> **WORK INSTRUCTION**: Below is a listing with pictures in it. Copy it exactly without them.

++++ DATASET EXTRACT ++++

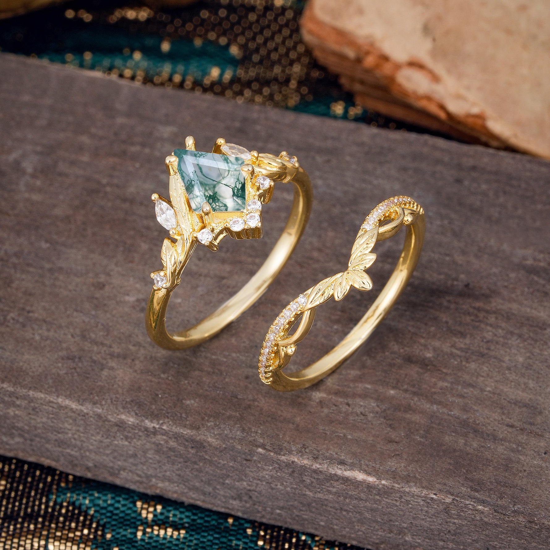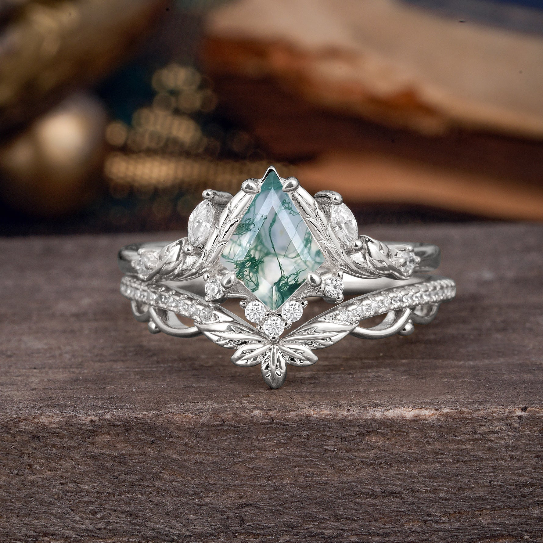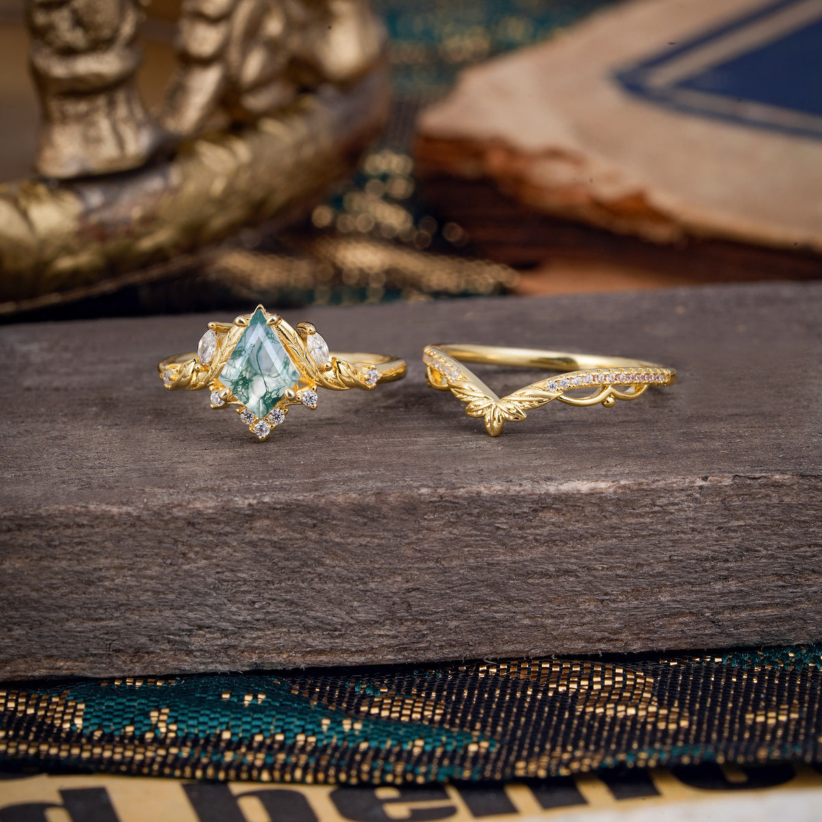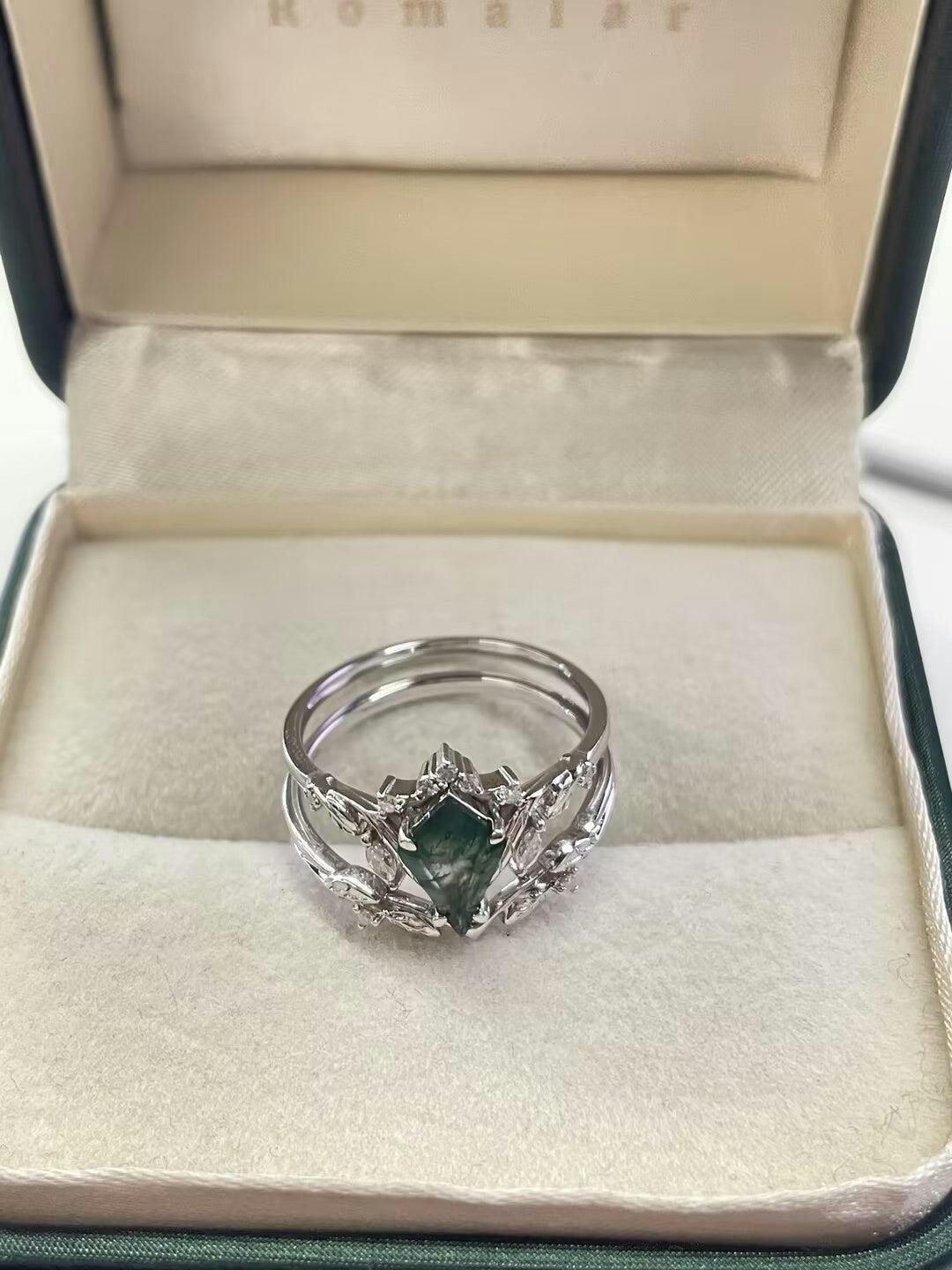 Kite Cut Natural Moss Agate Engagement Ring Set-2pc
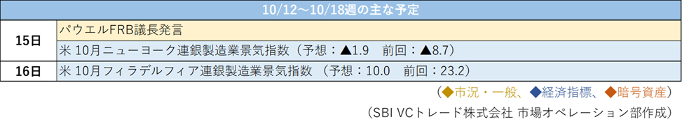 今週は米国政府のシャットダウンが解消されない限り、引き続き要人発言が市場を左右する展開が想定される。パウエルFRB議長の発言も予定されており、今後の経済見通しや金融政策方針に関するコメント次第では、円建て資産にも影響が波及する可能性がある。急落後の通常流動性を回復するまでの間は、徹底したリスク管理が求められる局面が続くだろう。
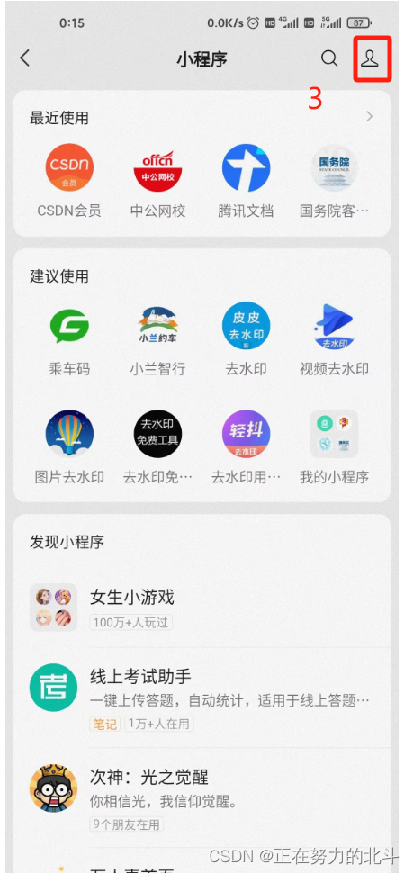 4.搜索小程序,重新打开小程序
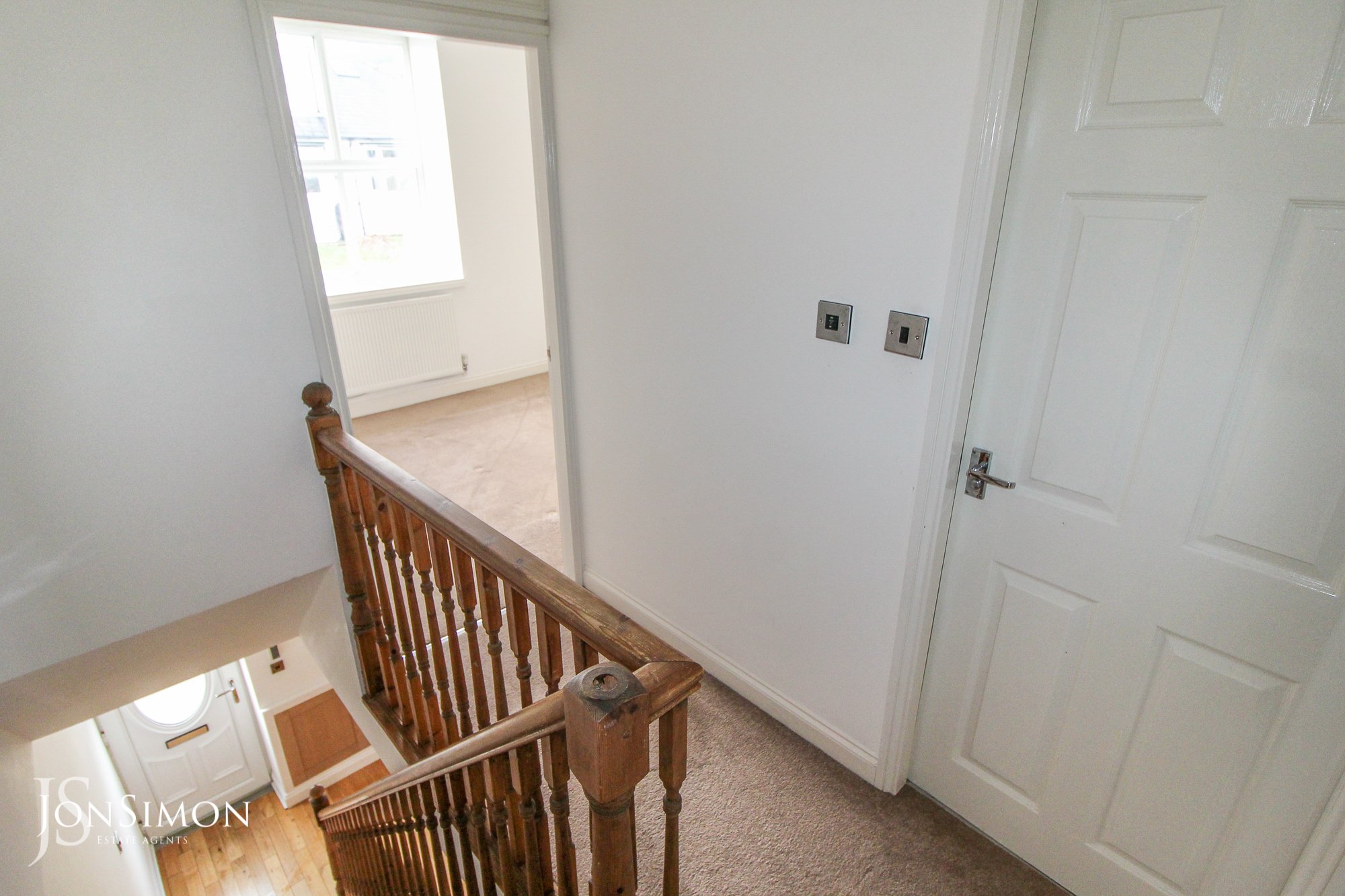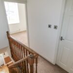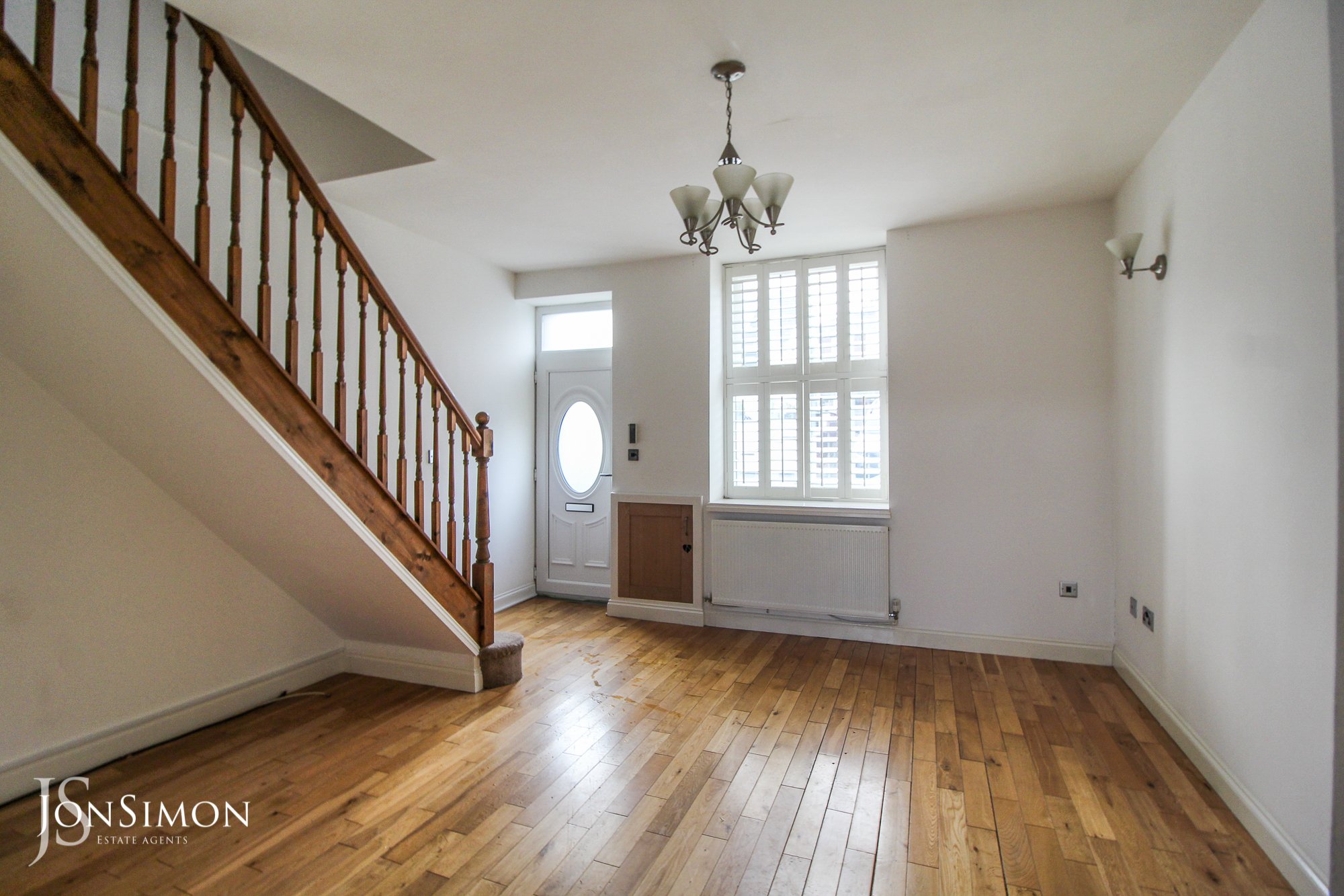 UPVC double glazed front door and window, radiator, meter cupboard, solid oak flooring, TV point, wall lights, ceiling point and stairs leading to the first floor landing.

++++

> **ANSWER TO THE EXERCISE**:
 Kite Cut Natural Moss Agate Engagement Ring Set-2pc
 今週は米国政府のシャットダウンが解消されない限り、引き続き要人発言が市場を左右する展開が想定される。パウエルFRB議長の発言も予定されており、今後の経済見通しや金融政策方針に関するコメント次第では、円建て資産にも影響が波及する可能性がある。急落後の通常流動性を回復するまでの間は、徹底したリスク管理が求められる局面が続くだろう。
 4.搜索小程序,重新打开小程序
 UPVC double glazed front door and window, radiator, meter cupboard, solid oak flooring, TV point, wall lights, ceiling point and stairs leading to the first floor landing.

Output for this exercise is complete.